The FDA did a “pretty good job of laying things out in terms of the big picture”, but when zoomed in, the draft guidance lacks clarity, Mangum says. For example, line 342 indicates that the collection of adult data prior to the paediatric trial “may not always be necessary” if nonclinical testing or modelling and simulations are used. Mangum explains that adult data is often necessary to understand the drug’s behaviour and create simulations. “Some of the language is vague in terms of putting some notices that we have to do these studies, but it doesn’t really give us guidance on everything,” he notes.

Benjamin says that he would have liked to see the guidance outlining adolescent children (ages 12–17 years) participation alongside adults, as they typically have a very close response. For example, line 104 of the guidance document states that if a product is being developed for adults and children, adult data from effectiveness studies should be extrapolated to children. Laventhal says this concept is not new, but rather received attention as Covid-19 vaccines were being developed for progressively younger age groups. However, extrapolation parameters do not fit for all age groups, Mangum notes.

The enrolment of children of various ages in parallel should also be considered, Benjamin says. Now, it is common to see a stepwise age progression, similar to what was seen in the Covid-19 vaccine trials and different age groups. However, the same approach should not be repeated, he adds. “In a life-threatening illness with a lifesaving product, you have a delay, and therefore deaths of children directly related to study design,” he explains.
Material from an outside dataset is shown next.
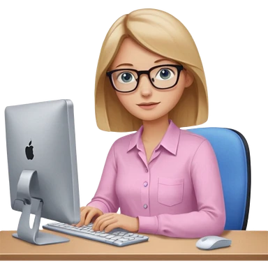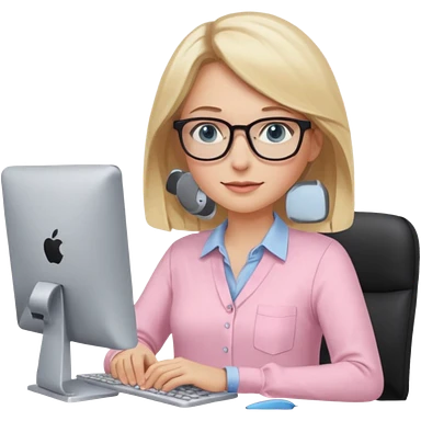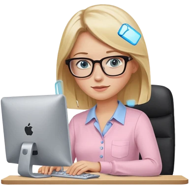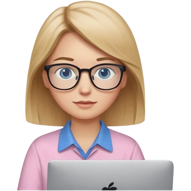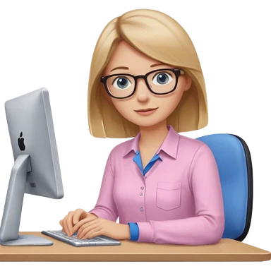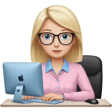 redattrice editoriale. Bionda, capelli lisci biondo scuro, lunghezza media. Occhi blu con occhiali. è al pc a lavorare. Indossa una camicia rosa chiaro emoji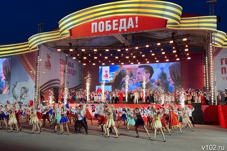 Волгоградская публика на ура встретила «Хор Турецкого» на Центральной набережной. Как сообщает корреспондент ИА «Высота 102», коллектив вышел на сцену в 20.00 – за два часа до праздничного салюта. – Как только хор показался на сцене, люди заметно оживились. Включив фонарики на телефонах, зрители тут же стали подхватывать слова всем известных военных песен, – передает корреспондент информагентства Леонид Луночкин. – Первой песней, которую волгоградцы исполнили совместно с артистами, стала «Смуглянка». Очевидно, почувствовав настрой волгоградцев, исполнители стали охотнее привлекать зрителей к исполнению песен. Хоровое пение разлилось над Волгой, когда на сцене зазвучала щемящая сердце каждого жителя нашей страны «Журавли». Напомним, концерт завершится в 22.00. В это же время в Волгограде дадут артиллерийский салют и фейерверк. Фото: Леонид Луночкин / ИА «Высота 102»

As of today, the FDA has received one comment that should be reflected in the draft guidance. John Mullahy, PhD, a professor of health economics at University of Wisconsin-Madison, points out that in line 375, the guidance document indicates that “clinical investigations involving children should be designed to maximize the amount of information gained and minimize the number of subjects involved”. Mullahy notes that information maximisation and subject number minimisation are two exclusive goals. “There are fundamental trade-offs between them that should be appreciated, and in reality, must be addressed head on. I recommend that the draft guidance be revised to reflect this,” he writes.

Mangum explains that the guidance took a “middle of the road approach” to set boundaries for the benefit and safety of children. Laventhal pointed out that it was meant to guide within the existing regulatory framework. The draft guidance’s feedback inbox is open for 90 days after its launch last week.